INFORMATION SUPPLIED START

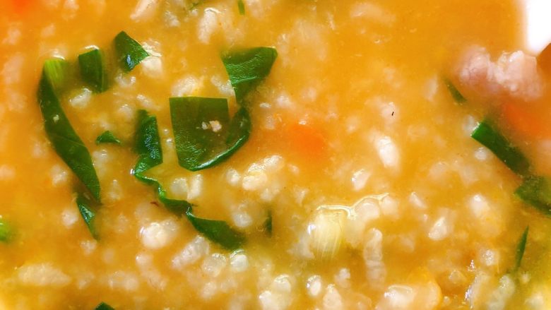 11. 倒入煮熟的粥内,小火,这个时候粥已经是黄色的了。
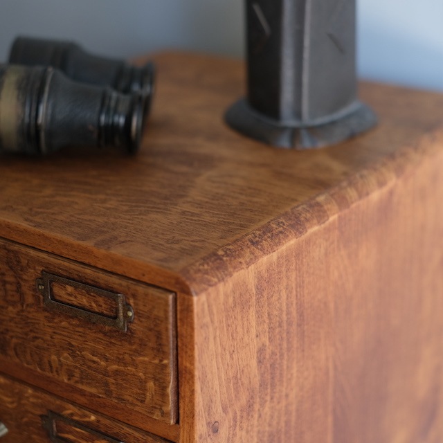 シンプルな取っ手とネームプレートの組み合わせの引き出し。下の引き出しが少し深くなっています。こちらは古い塗装を剥がした後、当店オリジナルカラーに仕上げました。この色味は明るすぎず暗すぎない色。そして「茶色」の中でも、こげ茶になりすぎず赤茶になりすぎず黄茶にもなりすぎないように試行錯誤の末、辿り着いた色味となっています。またあまり艶を出しすぎないマットな質感に拘りました。ナチュラルアンティークのお部屋にとても似合うと思います。
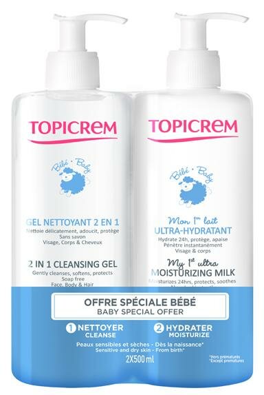 Купить Topicrem набор Мое 1-ое ультра-увлажняющее молочко, 500 мл + Очищающий гель 2 в 1, 500 мл
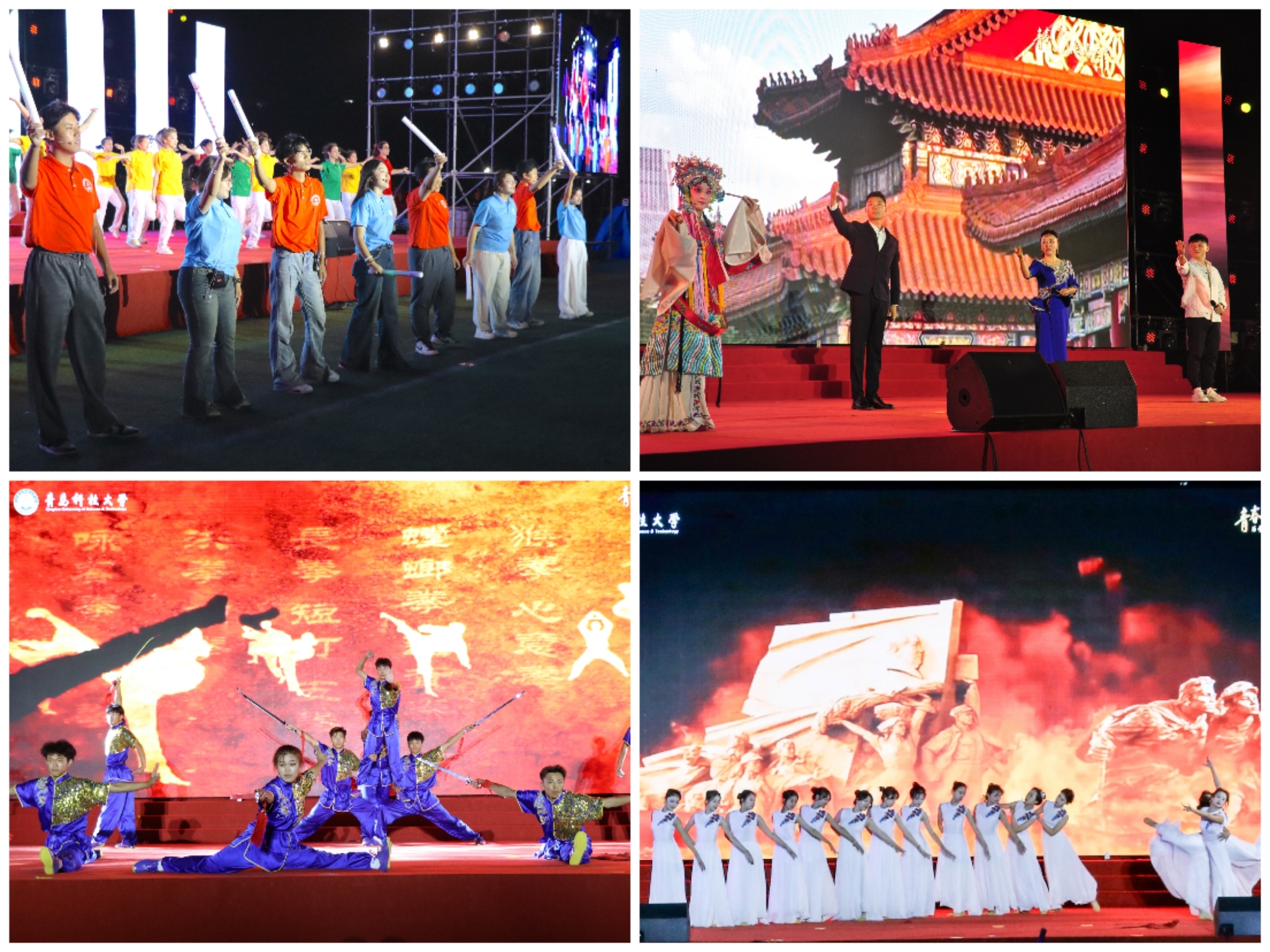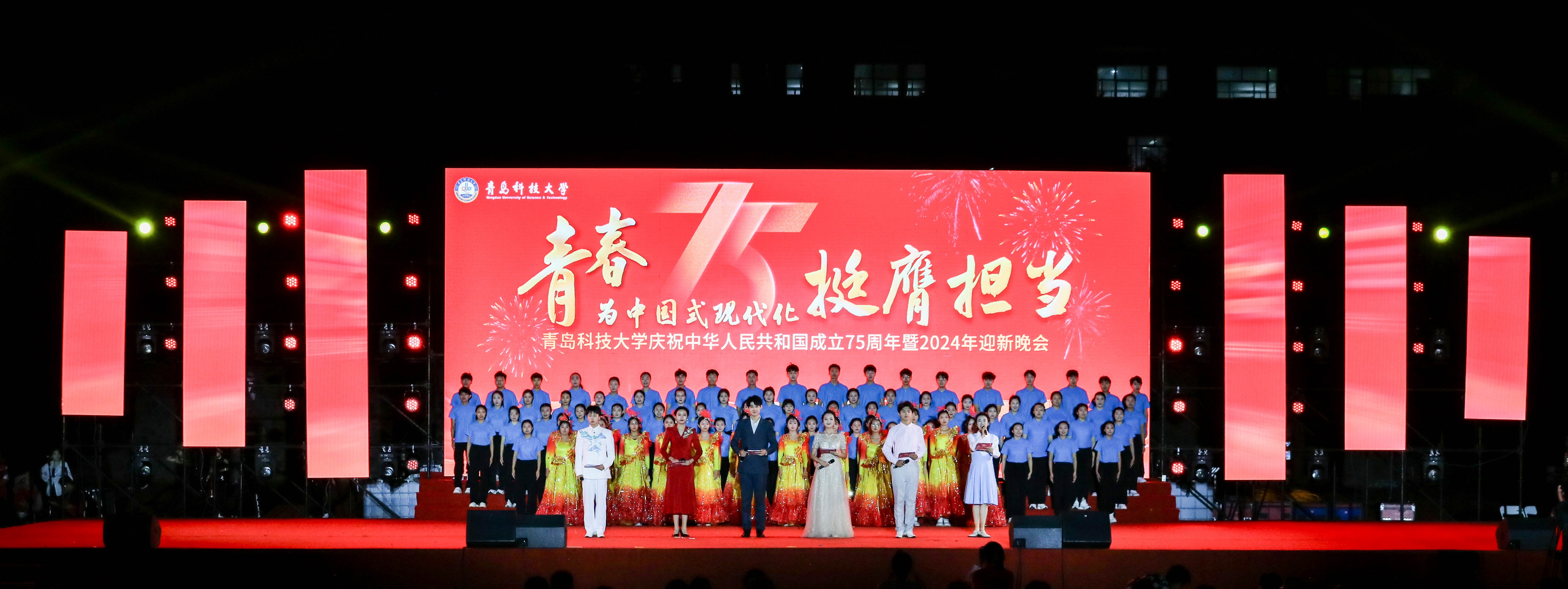 本场晚会以“青春为中国式现代化挺膺担当”为主题,由《有理想逐梦追光》《敢担当挺膺争先》《能吃苦砥砺奋进》《肯奋斗扬帆起航》四个篇章组成。晚会穿插“爱国”“科创”“奉献”3组青春接力故事,融合红色歌剧、歌舞表演、国风展示等多种艺术形式庆祝伟大祖国75周年华诞,号召全校青年学生立报国强国大志向,做挺膺担当奋斗者。

INFORMATION SUPPLIED END

PROMPT | For this exercise, reproduce the data above exactly from the line containing "Купить Topicrem набор" through its final line, both ends included, with no pictures in the copy.

ANSWER FOR THIS EXERCISE |
 Купить Topicrem набор Мое 1-ое ультра-увлажняющее молочко, 500 мл + Очищающий гель 2 в 1, 500 мл
 本场晚会以“青春为中国式现代化挺膺担当”为主题,由《有理想逐梦追光》《敢担当挺膺争先》《能吃苦砥砺奋进》《肯奋斗扬帆起航》四个篇章组成。晚会穿插“爱国”“科创”“奉献”3组青春接力故事,融合红色歌剧、歌舞表演、国风展示等多种艺术形式庆祝伟大祖国75周年华诞,号召全校青年学生立报国强国大志向,做挺膺担当奋斗者。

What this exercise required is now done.